Lastly which is hard to explain but I’ll try my best. Does KU being an Adidas school help or hurt? Now this is were it’s gets difficult for me to understand and even express. To me there is a danger in this. Perception is a very powerful tool. It can help or destroy you. It seems to me KU is getting more and more into recruiting foreign players. Does KU become that school where foreign player go too? If so does it hurt KU in recruiting state side? Does the media change in how it writes and portrays KU basketball as a whole? Does KU become an outsider in the very game they invented, nurtured, and protected all this century?
I maybe reaching in all this, but it was a thought I had to day and believed it would make for a good topic. Thanks for the inspiration Jaybate.
nuleafjhawk last edited by
@DoubleDD I was Adidas when Adidas wasn’t cool.
(Partly because Nike shoes generally are too narrow for my fat feet)
drgnslayr last edited by
I’m the same as you. Nike shoes are too narrow!
I’m a Nike guy for shoes because the narrowness has helped me avoid sprained ankles. I’ve worn other shoes in the past and had ankle problems, but never in Nikes. That’s just my experience, though.
As for the shoe deals, it’s a marketing strategy thing. For Nike, they try to get 2-3 major schools in every conference. In the Big 12, that’s Oklahoma and Texas. In the Big 10, it’s tOSU and MSU. In the PAC-12 it’s Stanford and Oregon. In the SEC, Florida, Alabama and Kentucky. ACC has Florida State, Duke and UNC. I think Nike tries to cover both football and basketball, but they pay a premium for football because football is the money maker.
Obviously for KU, this hurts because KU football has been weak the last several years. OU and Texas give Nike a good presence in the midwest, so they are in a position where they don’t have to offer KU as much money because they already got Texas and OU. On the other hand Reebok and Adidas are in a position where they need a deal with a prominent midwest school, so they have to offer KU a good deal, hence why KU took the Adidas deal.
Honestly, I don’t think this affects recruiting. Most of the top players attend all of the various camps, so they have Nike stuff from the Nike camp, Adidas stuff from the Adidas camp, Reebok stuff, etc. Individual players probably have some preferences, but I don’t think many players are choosing a school because it is a “Nike” school or an “Adidas” school or whatever.
I don’t think this hurts KU’s perception, ultimately. The product on the court/field is what matters. In basketball, that product is strong. In football it is not. That’s what helps or hurts.
Reebok has been a subsidiary of Adidas for while now and they are no longer a player in college sports; in fact, I cannot think of single school that is sponsored by them. Under Armor, on the other hand, has made some inroads in college sports and now they sponsor Maryland, Texas Tech. and Notre Dame among others.
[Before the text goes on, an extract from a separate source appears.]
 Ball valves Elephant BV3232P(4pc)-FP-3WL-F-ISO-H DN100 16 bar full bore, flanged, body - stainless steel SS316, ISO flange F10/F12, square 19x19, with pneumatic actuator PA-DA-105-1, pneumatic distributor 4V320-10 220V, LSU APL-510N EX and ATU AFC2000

I agree that affiliation with a brand does not seem to help or hurt in recruiting as much as some would think. KU has done very well recruiting (in basketball) and so has Louisville, both Adidas schools. I believe that Kentucky’s recruiting success is more related to Calipari than Nike.
jaybate 1.0 last edited by
You are lifting the curtain on the apparent Wizard(s) of Oz here–the ShoeCos. Your post gives a new angle I had not thought of. I am on the road and so will have to think on it. Rock Chalk!
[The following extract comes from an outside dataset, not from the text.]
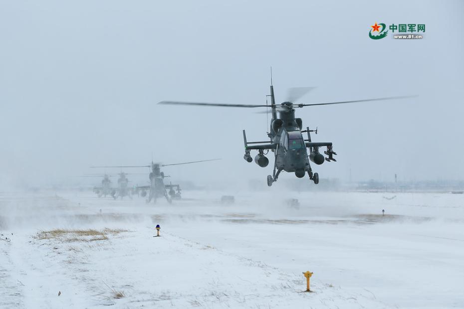 1月8日,陆军第79集团军某陆航旅在漫天大雪的极寒复杂气候条件下组织大集群编队飞行、侦察护航等实战化课目演练,不断提高部队全天候作战能力。李宁 摄影报道 图片来源:中国军网

drgnslayr last edited by drgnslayr
"My only reserve about this is, are the foreign kids as good as the one and done players we are seeing here in the states? "
I get my answer from the San Antonio Spurs. They may not be the most-athletic team in the league, but they focus so much harder than any other team.
I felt 100% sure they were going to take the title this year and they were going to do it in big fashion. It was on their lips since last summer. I knew they had the capability to focus as a team… and they did.
Compare them to Miami, and the fractured concept of “team” and “focus.” Miami knew they were in trouble before that championship series and they were constantly looking for extra motivation to help their cause. SA needed no additional motivation. Their motivation started a year ago.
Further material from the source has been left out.